Personal information
- Full name: Phillip Duke
- Born: 14 March 1960 (age 66)

Playing information
- Position: Wing
Club
| Years | Team | Pld | T | G | FG | P |
|  | Moree Boomerangs |  |  |  |  |  |
| 1987–1988 | Western Suburbs | 27 | 7 | 0 | 0 | 28 |
|  | Total | 27 | 7 | 0 | 0 | 28 |
Representative
| Years | Team | Pld | T | G | FG | P |
| 1982 | Country Origin | 1 | 1 | 0 | 0 | 3 |
| 1982 | New South Wales | 1 | 1 | 0 | 0 | 3 |
- Source:

= Phillip Duke =

Australian rugby league footballer

Phillip Duke (born 14 March 1960) is a former professional rugby league footballer who was selected to represent the New South Wales Blues in game III of the 1982 State of Origin series.

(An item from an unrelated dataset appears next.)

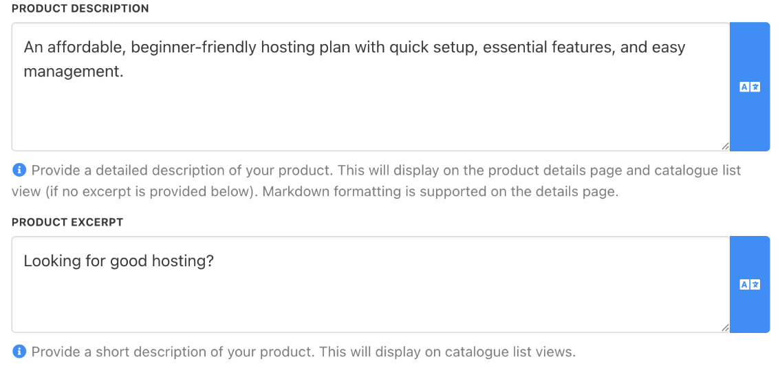 - Product Description: Detailed information about the product, such as features and benefits. Longer text supported.

Duke, playing for the Moree Boomerangs, was the first of three players in the Country Rugby League who were selected to play Origin without having played in first-grade competition (then the New South Wales Rugby League). Duke earned his selection after playing for Country in the annual City vs Country confrontation and he was placed on the for the third and deciding match of the Origin series. Although he scored the only New South Wales try in the game, Duke's performance was marred by a missed pass from Phil Sigsworth. The ball intended for Duke went astray and Queenslander Wally Lewis scooped it up, scored a try and won the game and the series for Queensland.

Duke later played two seasons with Western Suburbs Magpies, mainly as a winger.